Jarosław Kaczyński, szef partii rządzącej w Polsce, zapowiedział, że wkrótce prokuratorzy przyznają się do umyślnego zabójstwa w 13. rocznicę katastrofy lotniczej pod Smoleńskiem, w której zginął jego brat bliźniak, prezydent Lech Kaczyński.
Zasugerował również, że Władimir Putin powinien stanąć przed Międzynarodowym Trybunałem Karnym w sprawie wypadku.

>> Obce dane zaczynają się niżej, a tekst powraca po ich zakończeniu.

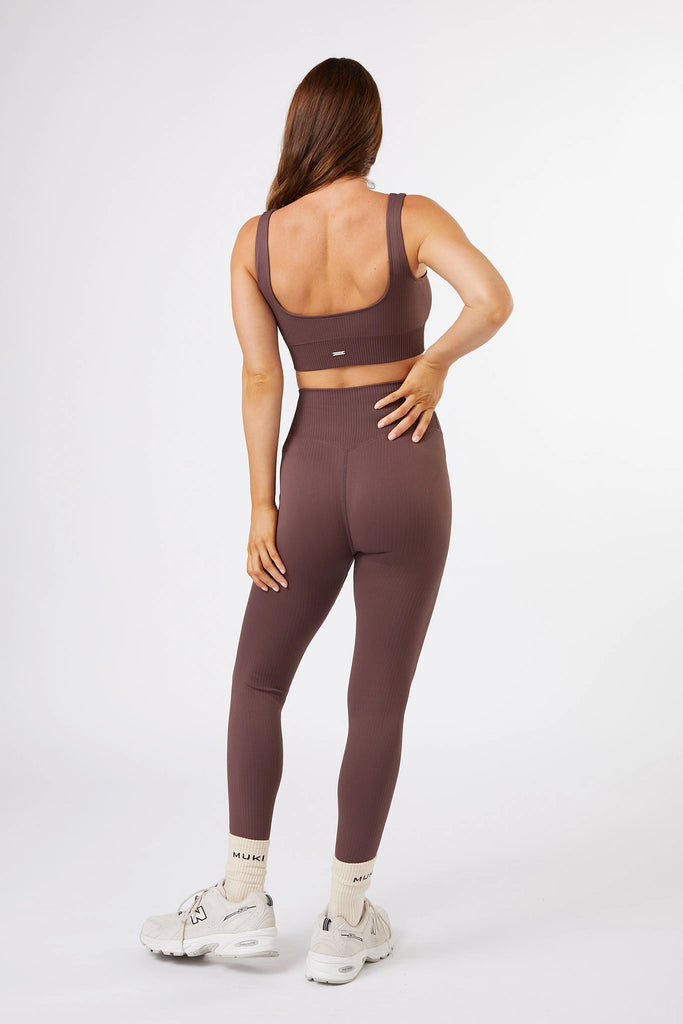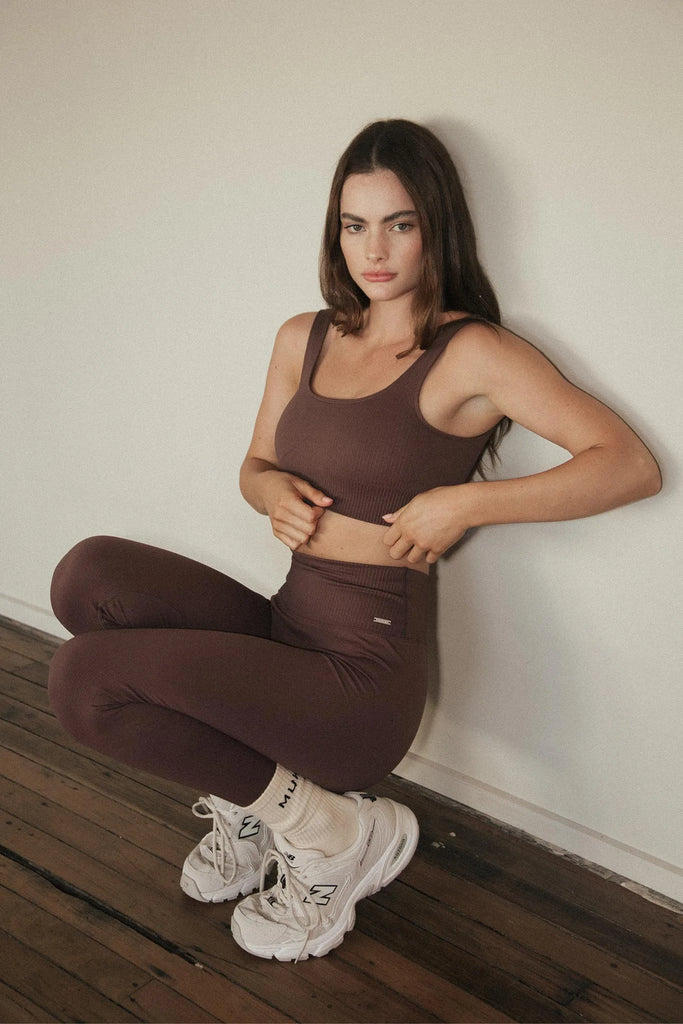 Seamless Ribbed Sports Bra in Chocolate
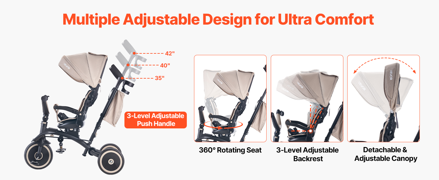 Sedadlo sa dá otočiť o 360° a operadlo je nastaviteľné, takže deti rôznej výšky si môžu nájsť pohodlnú polohu na sedenie. Rukoväť na tlačenie má 3 nastavenia výšky pre ľahké a bez námahy tlačenie.
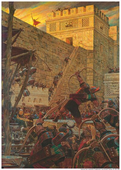 Vejam este famoso quadro.... Aqui está Samuel, o Lamanita, em uma muralha nefita. Existem Muralhas como esta, descritas no Livro de Mórmon? Não. Você apenas vê coisas simples, e eram consideradas uma grande inovação tecnológica nos tempos de Morôni, onde eles cavavam uma trincheira, cobriam com lama e colocavam uma paliçada de troncos ao redor do seu topo. É isso. Era uma tecnologia muito baixa. Não há nada como nesta gravura. Esta muralha é como Cuzco, ou algo assim. Mas isso foi centenas de anos depois da história do Livro de Mórmon e provavelmente longe de toda a área descrita no Livro, e, como você sabe e já me ouviu dizer antes, depois que Samuel pulou desta Muralha Nefita, não se ouviu mais sobre ele. A razão mais óbvia é que....ele morre. Ele não poderia sobreviver a este salto. Mas, de novo, você baseia seu entendimento do Livro de Mórmon a partir desta imagem? Ou você o baseia no que o Livro realmente diz?[11]

Oficjalne polskie i rosyjskie śledztwo wykazało, że katastrofa z 2010 roku, w której zginęło 96 osób, była wypadkiem. Jednak Kaczyński i jego partia Prawo i Sprawiedliwość (PiS) twierdzą, że był to celowy współudział polskiej partii rządzącej, który w jakiś sposób był współudziałem Rosji.
„Wkrótce zostanie przesłane powiadomienie [to prosecutors] „O możliwości popełnienia przestępstwa z art. 134 Kodeksu karnego” – zapowiedział we wczorajszym wystąpieniu Kaczyński, który przewiduje karę od 12 lat do dożywocia dla każdego, kto podejmie próbę zamachu na prezydenta RP.
Prezydenci #PiS J. #Kaczyński W #Warszawa: Chcemy złożej zawiadomienie do prokuratury lub popełnieniu połęcznia z art. 134 KK, czyli zamordowania Prezydenta, bo takiego postępowania prowadzi polskie organy ścigania Nie prowadzi. Wierzę, że pościę się odważni prokuratorzy, kwóry poprowadzą tę… pic.twitter.com/JqPFJxbUbL
— Prawo i Sprawiedliwość (@pisorgpl) 16 kwietnia 2023 r
„W tej sprawie [war crimes in] „Świat chce, żeby Ukraina, Władimir Putin stanął przed Międzynarodowym Trybunałem Karnym” – kontynuował Kaczyński, cytowany przez PAP. „Niestety w przypadku katastrofy smoleńskiej nie było tak drastycznych działań”.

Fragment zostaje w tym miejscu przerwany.